I’m want to write a script that will identify instances where a word (string) appears in a row of a pandas dataframe more than once.
Using a lambda function I can identify the existence of a string in a row but but I can’t find any information on how to identify ‘2 or more’ instances of the string, this is an example of what I have currently:
df = pd.DataFrame({'ID':[1,2,3],'Ans1':['Yes','Yes','Yes'],'Ans2':['No','Yes','No'],'Ans3':['No','No','No']})

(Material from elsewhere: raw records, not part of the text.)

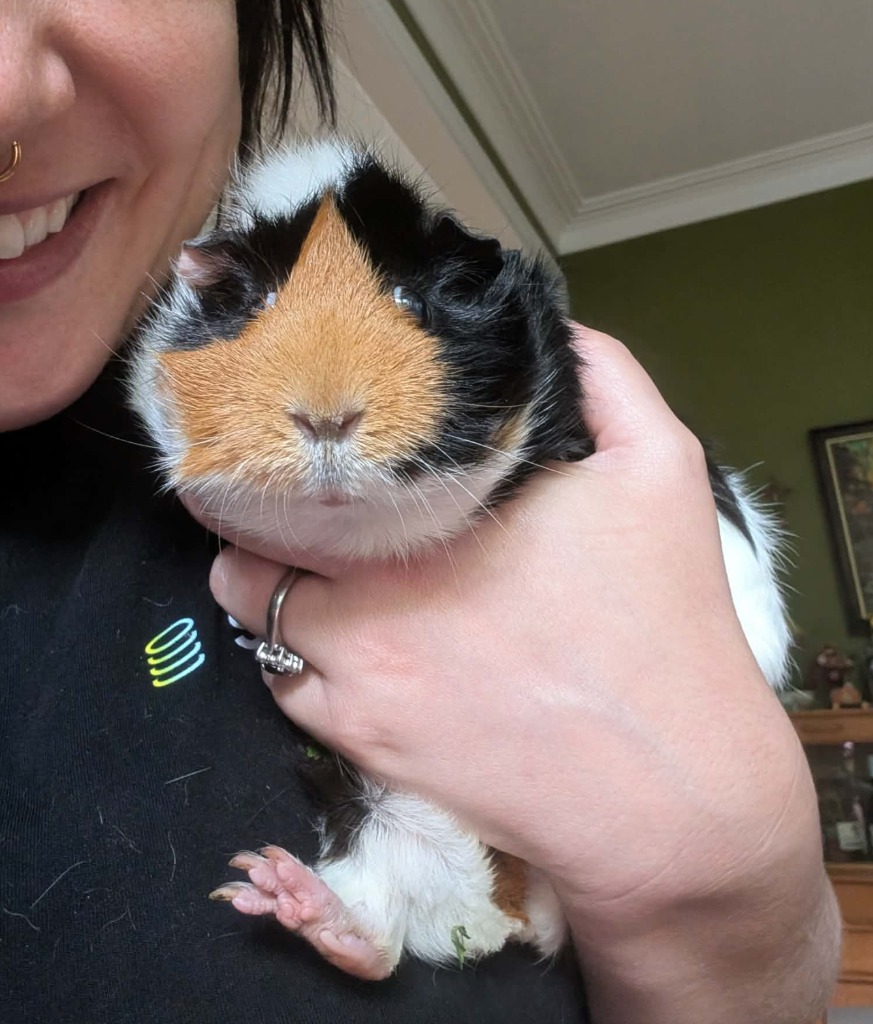 This lovely lady would thrive in a home with an existing desexed male or a female companion. Like all guinea pigs and prey animals they love people who can provide a gentle touch and understanding. While they may not become cuddly potatoes overnight, with time, patience, and love, they are sure to blossom into affectionate companions.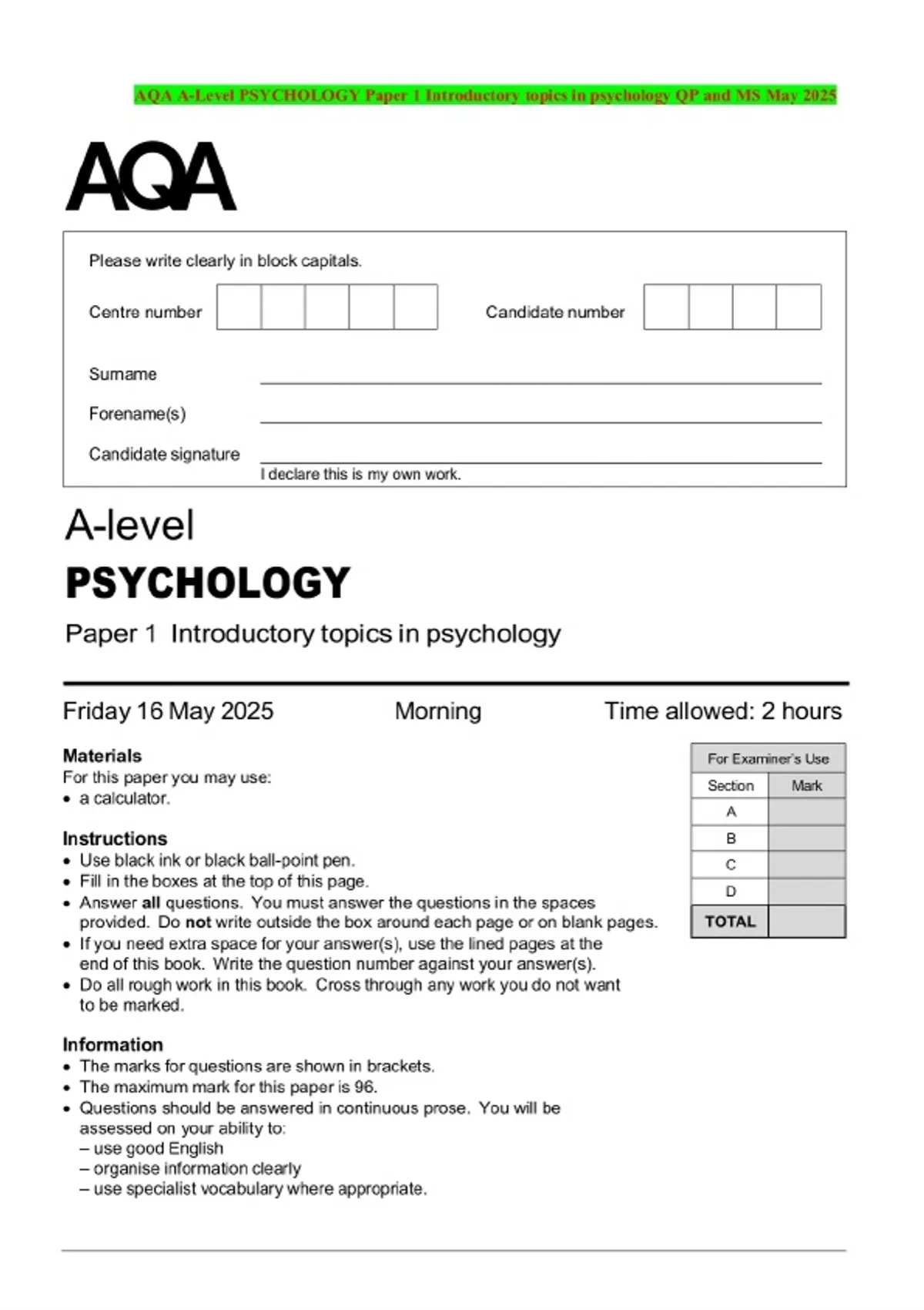 AQA A-Level PSYCHOLOGY Paper 1 Introductory topics in psychology QP and MS May 2025
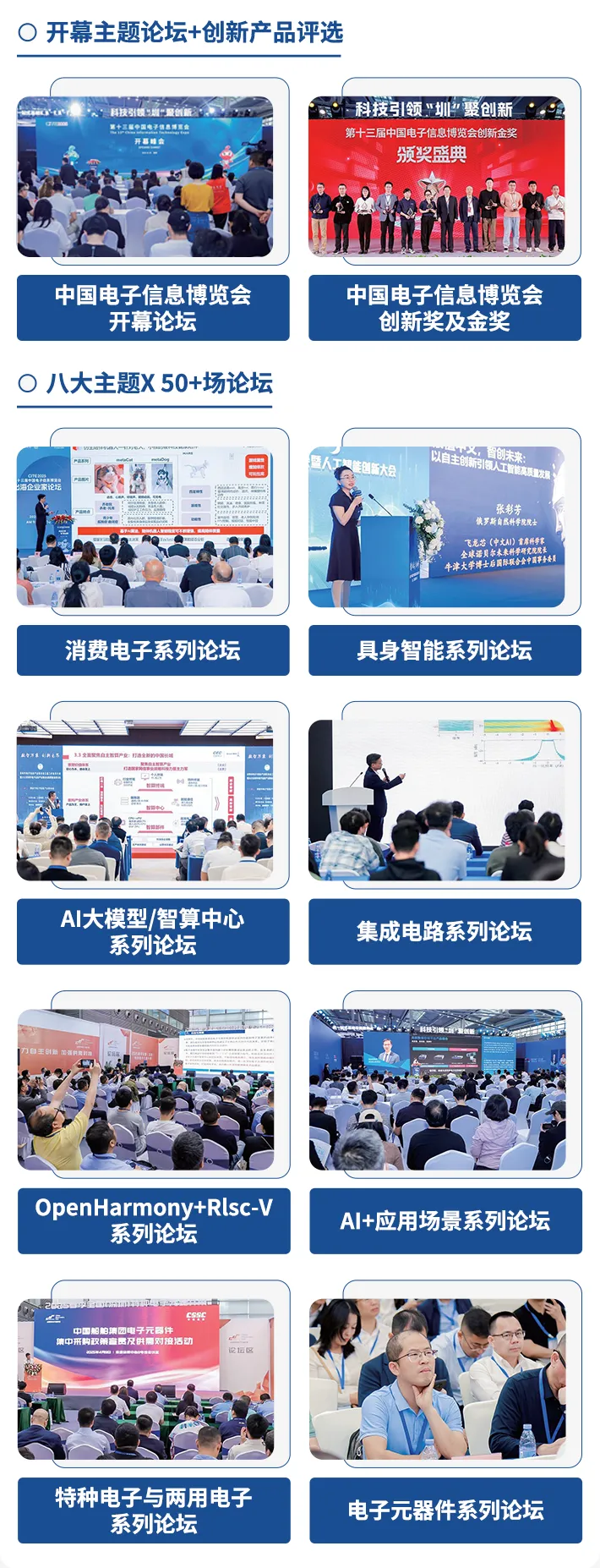 A: 举办开幕主题论坛 + 创新产品评选,八大主题 50 + 场专业论坛,覆盖消费电子、具身智能、AI 算力、集成电路、电子元器件等领域,同步开展供需对接活动。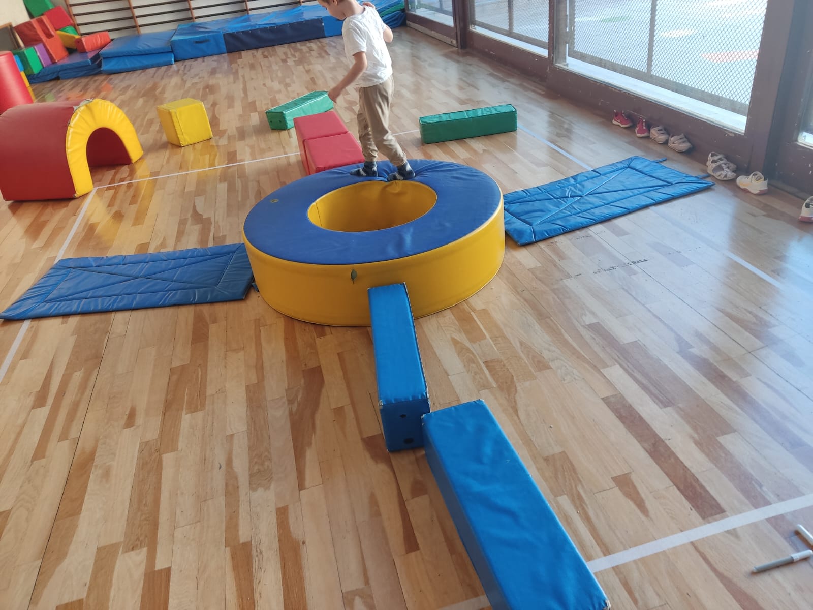 In palestra, nel frattempo, lavoriamo sui percorsi. Con in mano le indicazioni per cercare la bussola al Monestir de Pedralbes, abbiamo ricostruito la mappa con i blocchi morbidi e abbiamo seguito le vie percorribili.

df['Result'] = df.apply(lambda row: row.astype(str).str.contains('Yes').any(), axis=1)
df
Pseudocode for what I’m trying to get:
if 'Yes' isin row > 1:
df['Results'] == True
Desired result:
ID Ans1 Ans2 Ans3 Result
1 Yes No No False
2 Yes Yes No True
3 Yes No No False
>Solution :
Try, you can do column filtering if you don’t want to check the entire dataframe for yes, then use eq, equals to, and sum with axis=1 to sum values along rows then check to see if that sum is gt, greater than, 1:
df['Result'] = df.eq('Yes').sum(1).gt(1)
Output:
ID Ans1 Ans2 Ans3 Result
0 1 Yes No No False
1 2 Yes Yes No True
2 3 Yes No No False